Stored items:
####################

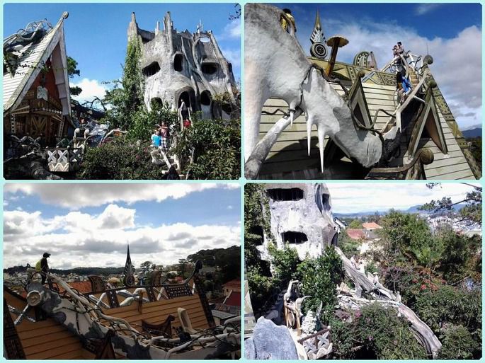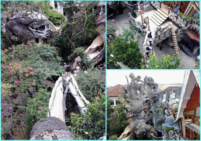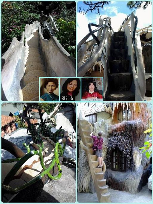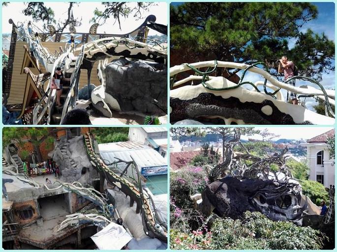 疯狂屋,门票40000盾。本身是一家旅店,有10间屋子,每间都有不同的主题,据说老虎屋是为中国人设计的。同时因为它的奇特而成为大叻的一个旅游景点。设计师是越南前总理的女儿,想象力非常丰富,将各种奇幻的想像变成现实,这一切都有点森林童话的味道。这幢建筑将颠覆你所有关于房屋的概念。小小房间以动物命名,巨大的蜘蛛网、蜜蜂巢、弯弯曲曲的楼梯,人们爬上爬下,直呼过瘾。至今建筑还没完工。一进门的左手屋子有设计者及家人的介绍,有各地报刊对此地的报道,可惜我拍的这部分照片毁了。另外,那个最高屋顶我也不敢上去。不过,屋内另一个制高点(正在施工),在上面欣赏大叻景色很是不错。
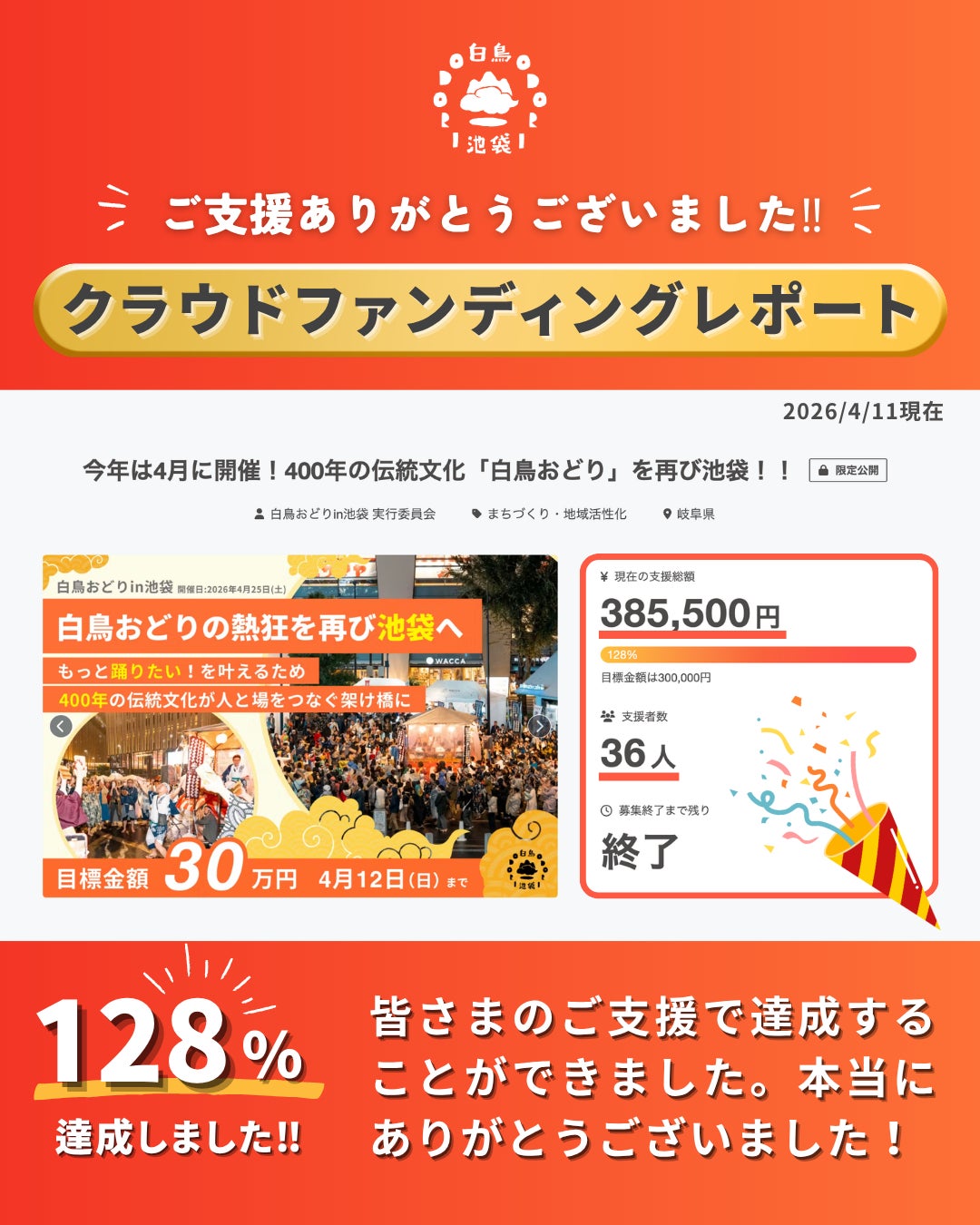 皆さまお一人おひとりの「今年も東京・池袋で白鳥おどりを!」という想いが
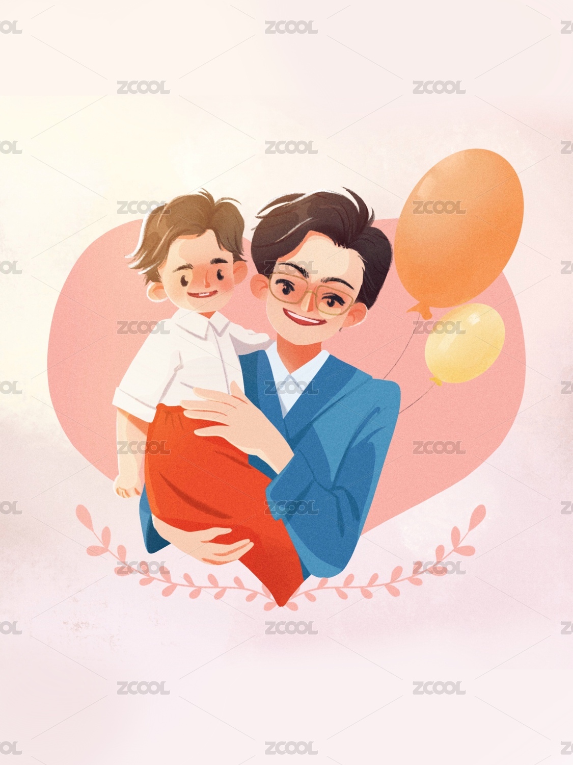 卡通儿童节父亲节亲子互动玩乐爸爸父爱插画
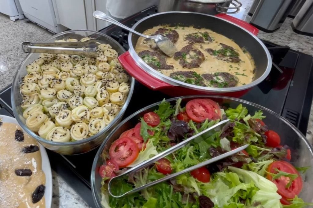 - Coloque a mostarda Dijon, o queijo parmesão ralado, o sal, a pimenta do reino, deixe ferver para encorpar, disponha os bifes, regue com o molho, deixe ferver por 2 minutos e finalize com cheiro verde.
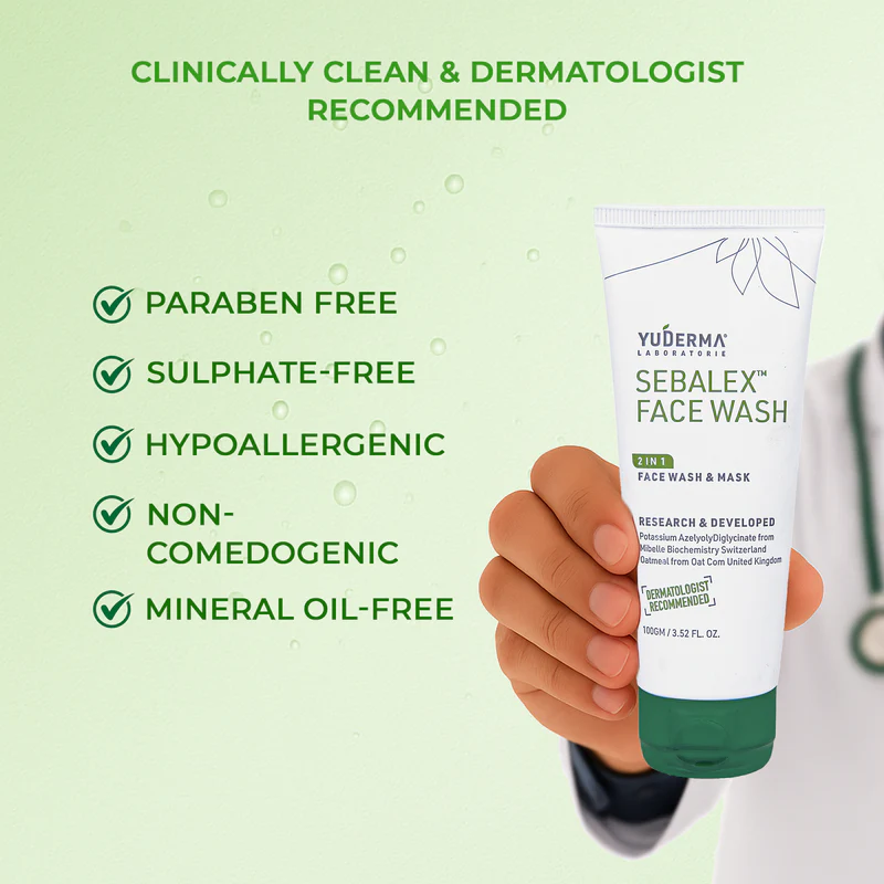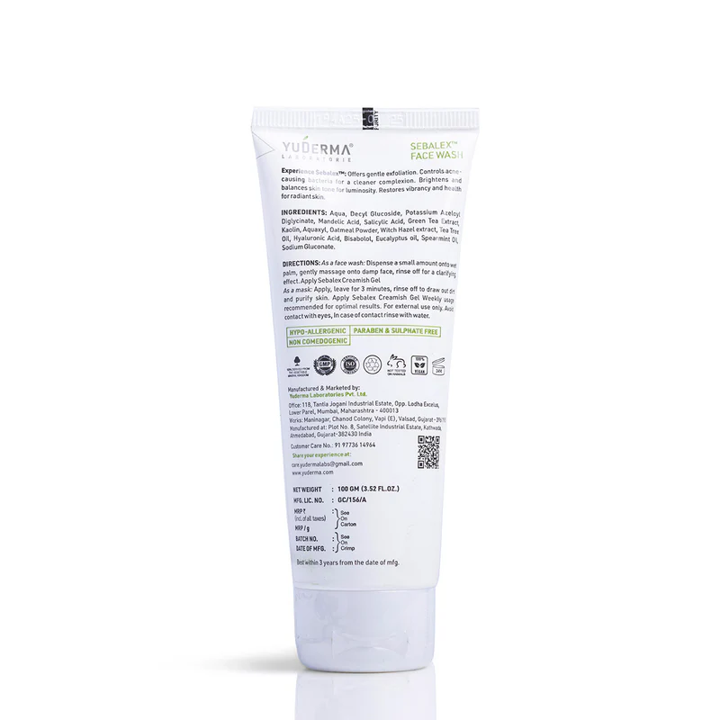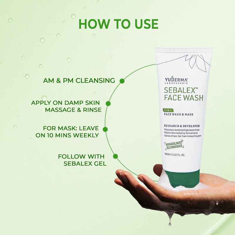 Yuderma Sebalex 2 in 1 Face Wash is a dual-action cleanser designed for oily and combination skin. With Potassium Azeloyl Diglycinate, Mandelic Acid, and Salicylic Acid, it targets mild to moderate acne, helps clear blackheads and whiteheads, and supports a brighter, more even complexion. Its gentle formula removes impurities while maintaining the skin’s natural pH balance
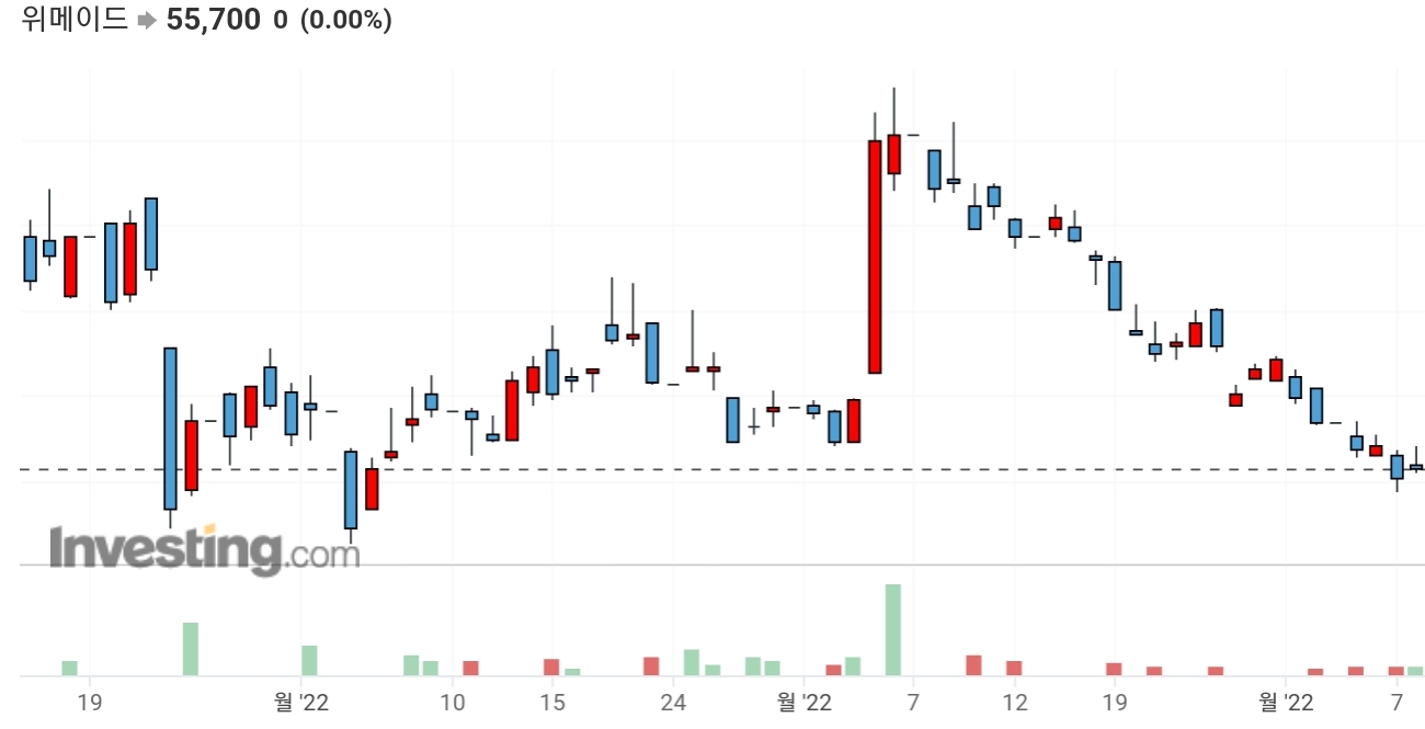 위메이드의 경우 게임회사로 미르의 전설과 같은 나름 인기 있는 IP를 소유하고 있는 게임회사로 P2E게임으로 지난해 주가가 많이 상승하였다가 최근 증시와 코인 관련 인기가 줄어들며 주가도 하락 중인 에 있습니다.
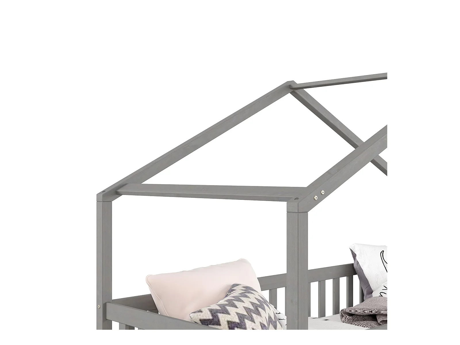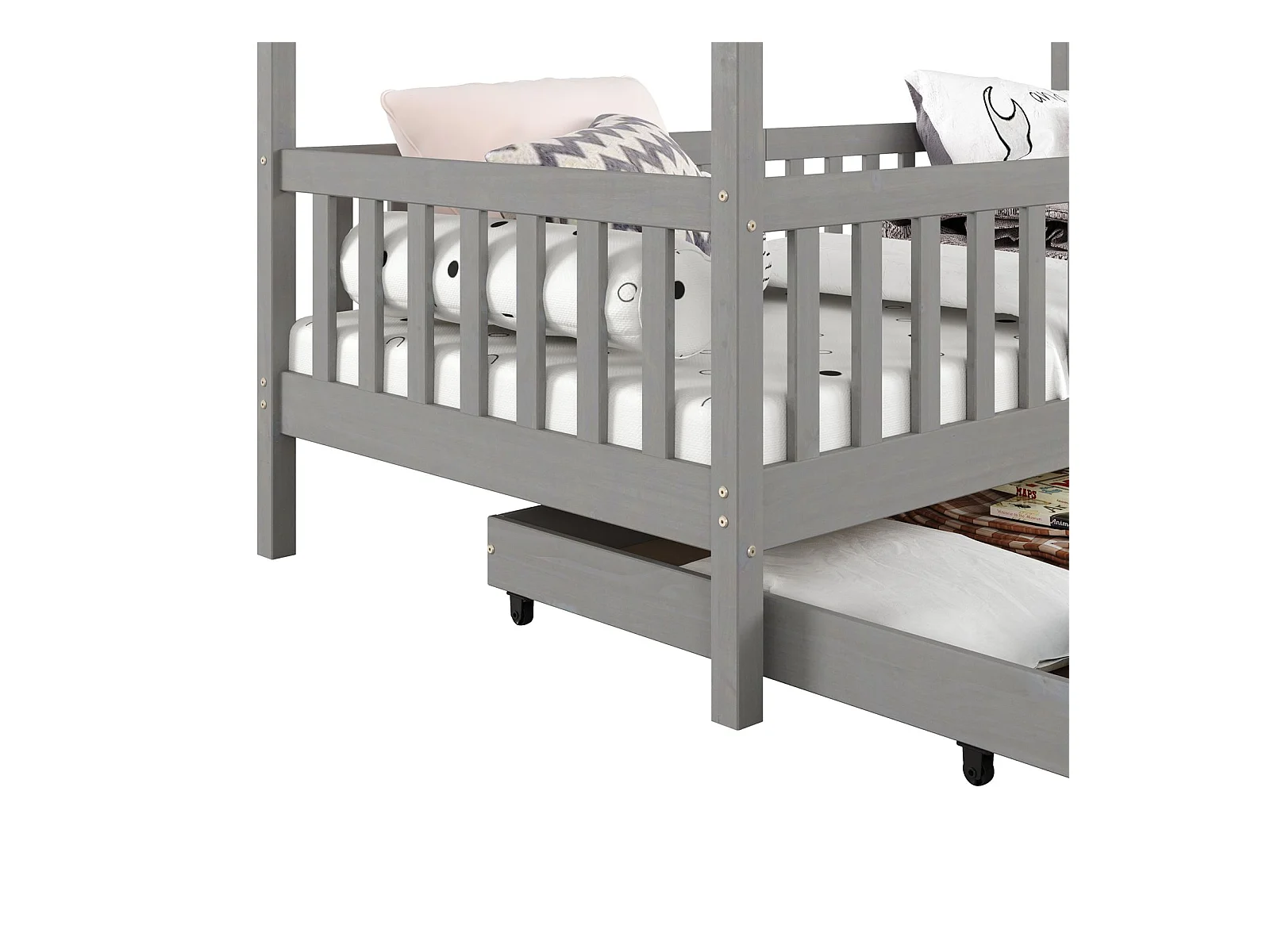 Lit cabane ELEA lit enfant simple montessori 90 x 200 cm, avec 2 tiroirs de rangement, en pin massif lasuré gris
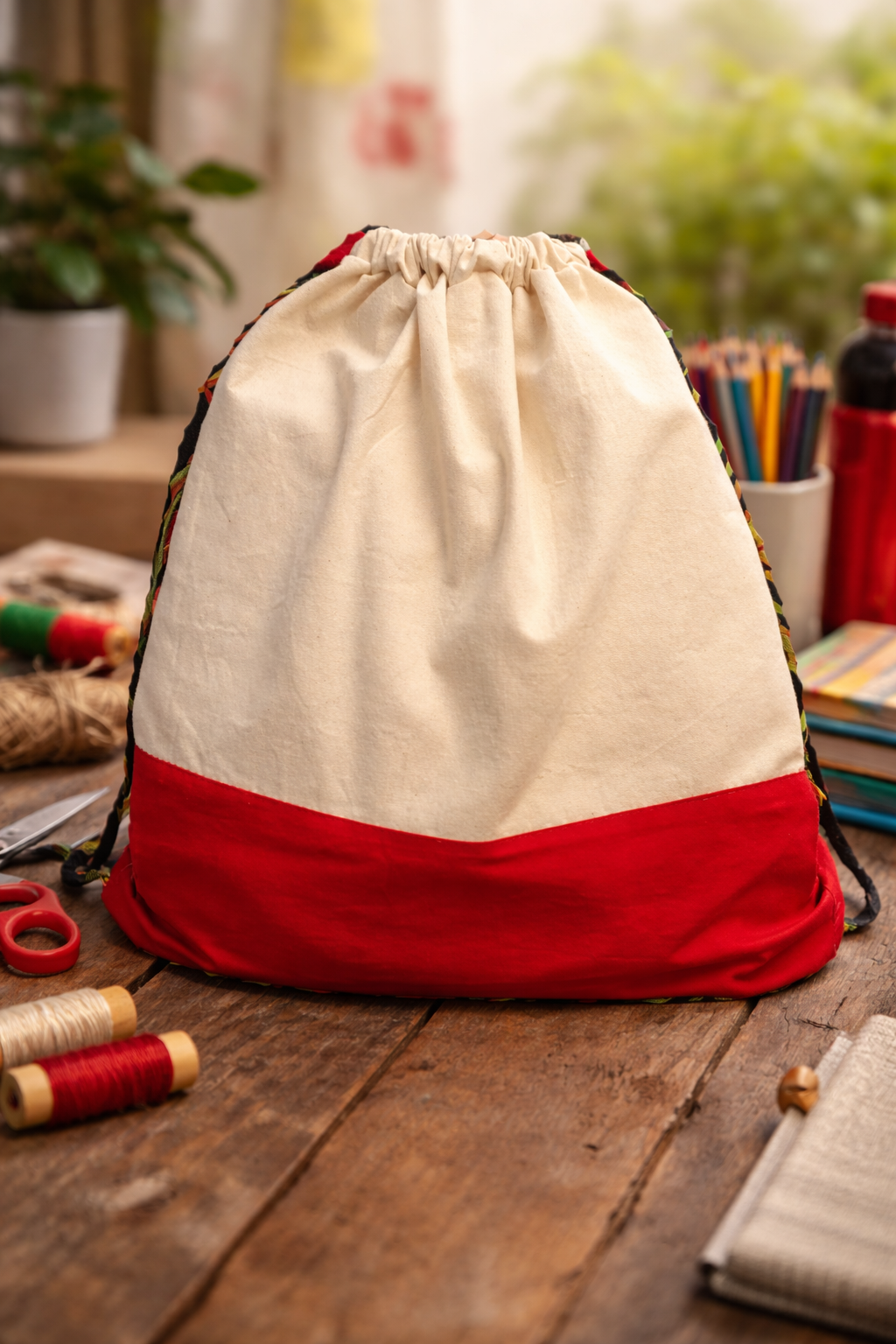 Praktisk gympapåse i slitstark bomull, naturfärgad med röd botten. Dragskostängning upptill håller innehållet på plats. Påsen är perfekt för skola, förskola eller fritidsaktiviteter. Välj namn…
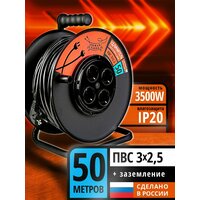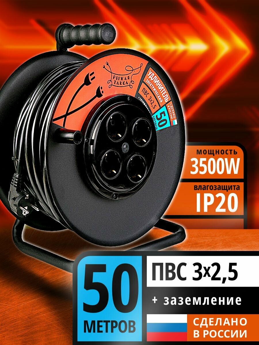 Купить Удлинитель силовой на металлической катушке рыжая такса 50м ПВС 3*2,5 3500 Вт с заземлением с доставкой по всей России.
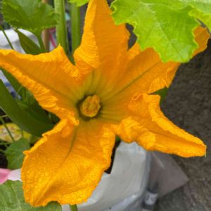 ズッキーニの花、巨大で怖い🤣 多分雌花なんだけど、まだ雄花が咲いてないので、ダメ元でスプレータイプのトマトトーン掛けてみました😓 成分は同じだけどズッキーニには薄いのよね😓 まぁ、上手くいけば儲けもんです👍
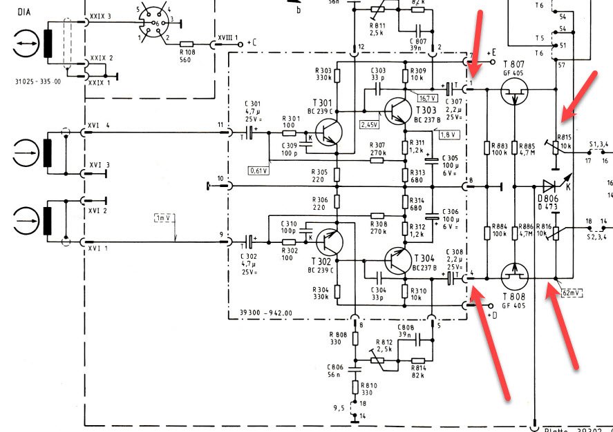 Wenn bei Vor/Hinterbandstellung kein Signal vorhanden ist, würde ich mal an den "Pfeilstellen" das Signal verfolgen
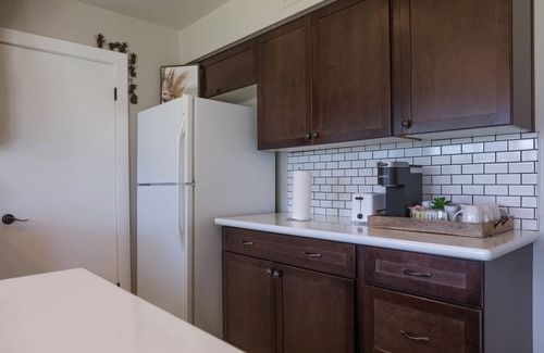 The 3 bedroom house is 1120 square feet and features updated furnishings and a well manicured backyard with partial covered patio, putting green, corn hole court, and patio seating with a firepit. All the essentials are provided such as sheets, blankets, towels, bath and shower toiletries and laundry supplies for your entire group. There is off-street parking available for 2 vehicles. There are no spaces for trailer, camper or RV parking available.

####################

Required action: Reproduce the records verbatim, omitting all images they contain.

Answer to this problem:
 疯狂屋,门票40000盾。本身是一家旅店,有10间屋子,每间都有不同的主题,据说老虎屋是为中国人设计的。同时因为它的奇特而成为大叻的一个旅游景点。设计师是越南前总理的女儿,想象力非常丰富,将各种奇幻的想像变成现实,这一切都有点森林童话的味道。这幢建筑将颠覆你所有关于房屋的概念。小小房间以动物命名,巨大的蜘蛛网、蜜蜂巢、弯弯曲曲的楼梯,人们爬上爬下,直呼过瘾。至今建筑还没完工。一进门的左手屋子有设计者及家人的介绍,有各地报刊对此地的报道,可惜我拍的这部分照片毁了。另外,那个最高屋顶我也不敢上去。不过,屋内另一个制高点(正在施工),在上面欣赏大叻景色很是不错。
 皆さまお一人おひとりの「今年も東京・池袋で白鳥おどりを!」という想いが
 卡通儿童节父亲节亲子互动玩乐爸爸父爱插画
 - Coloque a mostarda Dijon, o queijo parmesão ralado, o sal, a pimenta do reino, deixe ferver para encorpar, disponha os bifes, regue com o molho, deixe ferver por 2 minutos e finalize com cheiro verde.
 Yuderma Sebalex 2 in 1 Face Wash is a dual-action cleanser designed for oily and combination skin. With Potassium Azeloyl Diglycinate, Mandelic Acid, and Salicylic Acid, it targets mild to moderate acne, helps clear blackheads and whiteheads, and supports a brighter, more even complexion. Its gentle formula removes impurities while maintaining the skin’s natural pH balance
 위메이드의 경우 게임회사로 미르의 전설과 같은 나름 인기 있는 IP를 소유하고 있는 게임회사로 P2E게임으로 지난해 주가가 많이 상승하였다가 최근 증시와 코인 관련 인기가 줄어들며 주가도 하락 중인 에 있습니다.
 Lit cabane ELEA lit enfant simple montessori 90 x 200 cm, avec 2 tiroirs de rangement, en pin massif lasuré gris
 Praktisk gympapåse i slitstark bomull, naturfärgad med röd botten. Dragskostängning upptill håller innehållet på plats. Påsen är perfekt för skola, förskola eller fritidsaktiviteter. Välj namn…
 Купить Удлинитель силовой на металлической катушке рыжая такса 50м ПВС 3*2,5 3500 Вт с заземлением с доставкой по всей России.
 ズッキーニの花、巨大で怖い🤣 多分雌花なんだけど、まだ雄花が咲いてないので、ダメ元でスプレータイプのトマトトーン掛けてみました😓 成分は同じだけどズッキーニには薄いのよね😓 まぁ、上手くいけば儲けもんです👍
 Wenn bei Vor/Hinterbandstellung kein Signal vorhanden ist, würde ich mal an den "Pfeilstellen" das Signal verfolgen
 The 3 bedroom house is 1120 square feet and features updated furnishings and a well manicured backyard with partial covered patio, putting green, corn hole court, and patio seating with a firepit. All the essentials are provided such as sheets, blankets, towels, bath and shower toiletries and laundry supplies for your entire group. There is off-street parking available for 2 vehicles. There are no spaces for trailer, camper or RV parking available.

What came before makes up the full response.